Traffic Circle in RTD
Today’s RTD article has much of the same information that was in the tv report. I didn’t know it was scheduled to go before committee today. (According to comments by David Hathcock it will not be heard by committee today.)
The proposal is scheduled to be considered today by the Land Use, Housing and Transportation Committee and by the full council Nov. 9. The projects haven’t been designed, but construction could start by the end of 2010, officials said.
Kathy Graziano also chimes in but doesn’t speak in favor or against the traffic circle but acknowledges the issues.
Council President Kathy C. Graziano, whose 4th District includes the Forest Hill area, acknowledged the roundabout might be a tough sell, but she credited the Department of Public Works for seeking neighborhood input and said the intersection has issues with left-hand turns and that Forest Hill Avenue could benefit from slower speeds.
“You can’t cross that road anywhere,” she said.







I’m surprised that Kathy G would consider a project that would take a bite out of Forest Hill Park, for which she supposedly has a particular fondness.
“You can’t cross that road anywhere,” she said.
You *really* wouldn’t be able to cross that road if a traffic circle was built to allow a continuous flow of traffic.
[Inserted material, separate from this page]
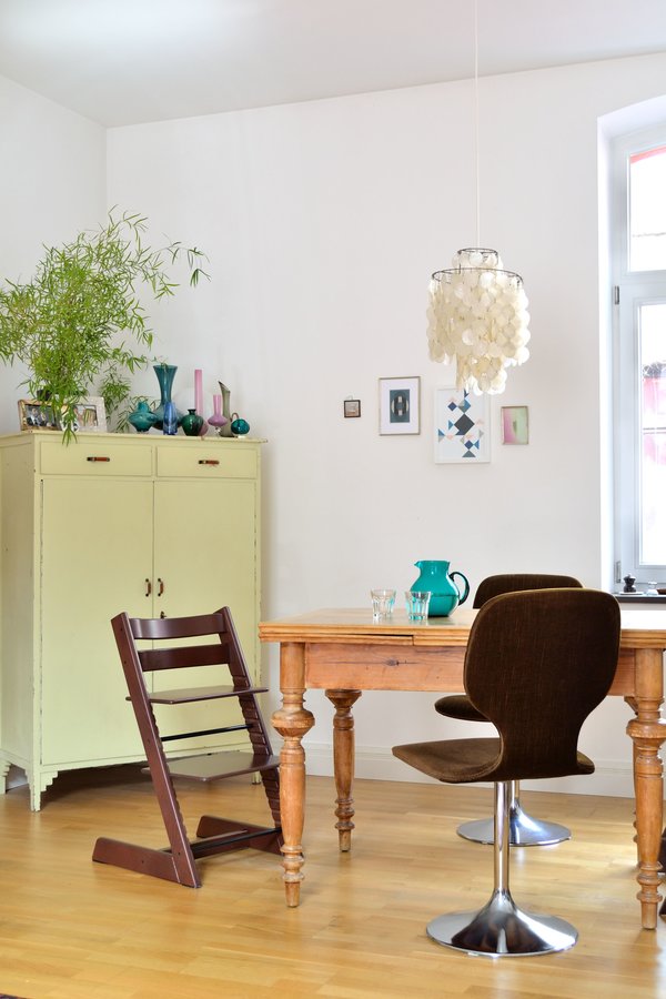 Essecke im Wohnzimmer, Essplatz im Wohnzimmer, Stokke Tripp Trapp, Tulpenfußstühle, 70er Jahre Stühle, Weichholztisch, Altes Vertiko, Muschellampe, Stilmix, blau grün, Glasvasen alt, Glasvasensammlung, Asparagus, Aquatöne, Bilderwand, Thonet Wettbewerb

Don’t let it happen, KathyG!
Yeah, what Dan said. Stop signs are cheap and slowed traffic in the Fan. Why can’t we investigate that possibility on Forest Hill between Westover Hills & Roanoke?
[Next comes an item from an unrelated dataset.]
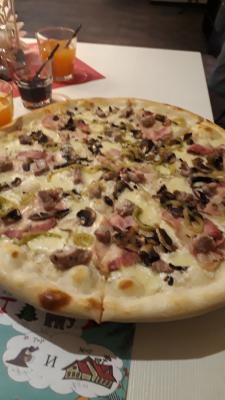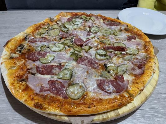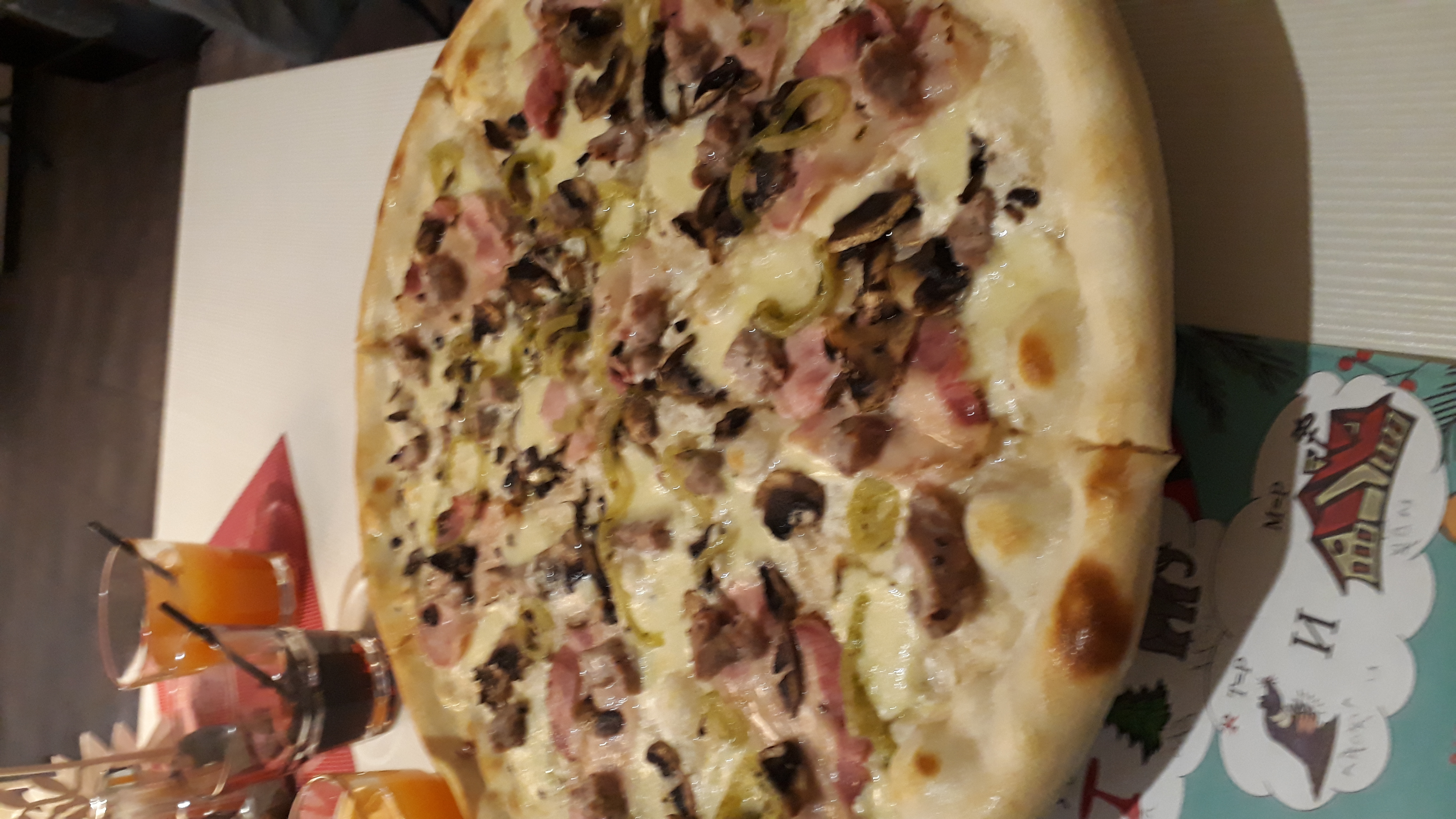 Состав: моцарелла, шампиньоны, ветчина, салями, бекон, маринованный огурец, розмариновое масло

I agree with the comments above. I think this project has not been thought through. It looks like the City got some federal funds to build roundabouts and is looking to put them wherever they can, whether or not they work or are needed. We need more stop signs and perhaps another light on Forest Hill Avenue not a roundabout that will only increase traffic flow.
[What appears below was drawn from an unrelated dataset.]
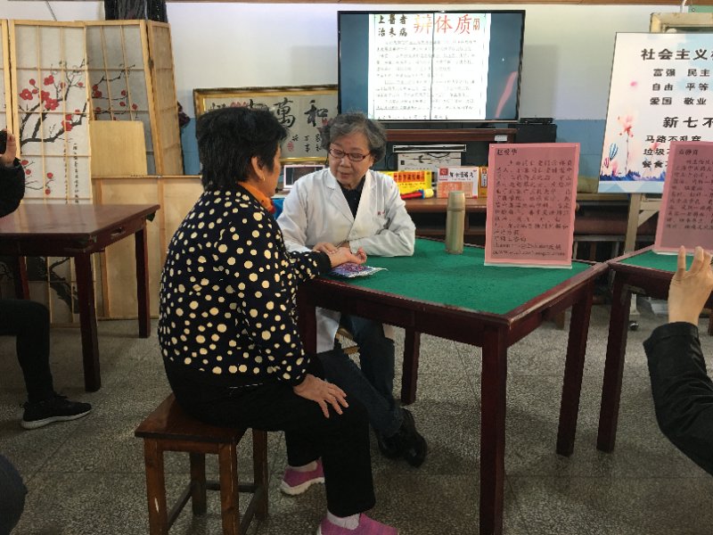 ▲同仁堂商業(yè)集團(tuán)上海公司趙愛(ài)華大夫?yàn)榛颊咴\脈

I suspect that the single most effective way to alleviate traffic issues on Forest Hill Avenue and other similarly situated thoroughfares is to reduce the tolls on Powhite Parkway and Downtown Expressway. How many of these speeders live in the ‘burbs and don’t want to pay tolls? Maybe someone should poll the driving public to determine how low a toll would need to be to get them to use the expressway…and then calculate whether or not revenues would increase with the increase in volume.
That and actually enforcing existing traffic laws…you know, like ticketing speeders, the drivers who routinely block the fire station.
After listening to a local convenience store employee wax poetic about freely driving 50+mph in Richmond because “ain’t no one gonna give you a ticket: everybody know that”, it’s easy to see that Richmond has a reputation for being lax in this area. That should change.
Idea: how about eliminating the toll to get ON Powhite NB from Forest Hill Avenue?
That alone would likely siphon a lot of speeding drivers off of FH Ave eastbound before they reach the more densely populated section of the neighborhood.
Just a thought.
Update here: http://hillsandheights.org/2009/10/20/traffic-circle-update-each-to-be-evaluated-separately/
As a pedestrian and cyclist in Church Hill, I’ve found that the traffic circle on 25th Street makes that large intersection much more manageable. Cars only come from one direction now (your left), and the dividers that lead up to the circle make it so that you can cross one lane and safely wait if you need to.
I’d like to know whether PDM’s suspicion about toll avoidance really plays a role in this. I don’t live in the burbs, but if I did, I’d still want to take the easiest route to work, regardless of tolls. Jockeying through stop-and-go traffic in the H&H neighborhoods every day would not be worth the savings from avoiding the tolls.
But there’s a lot I don’t understand about the burb mentality, so who knows.
Technically, aren’t our neighborhood … the original burbs?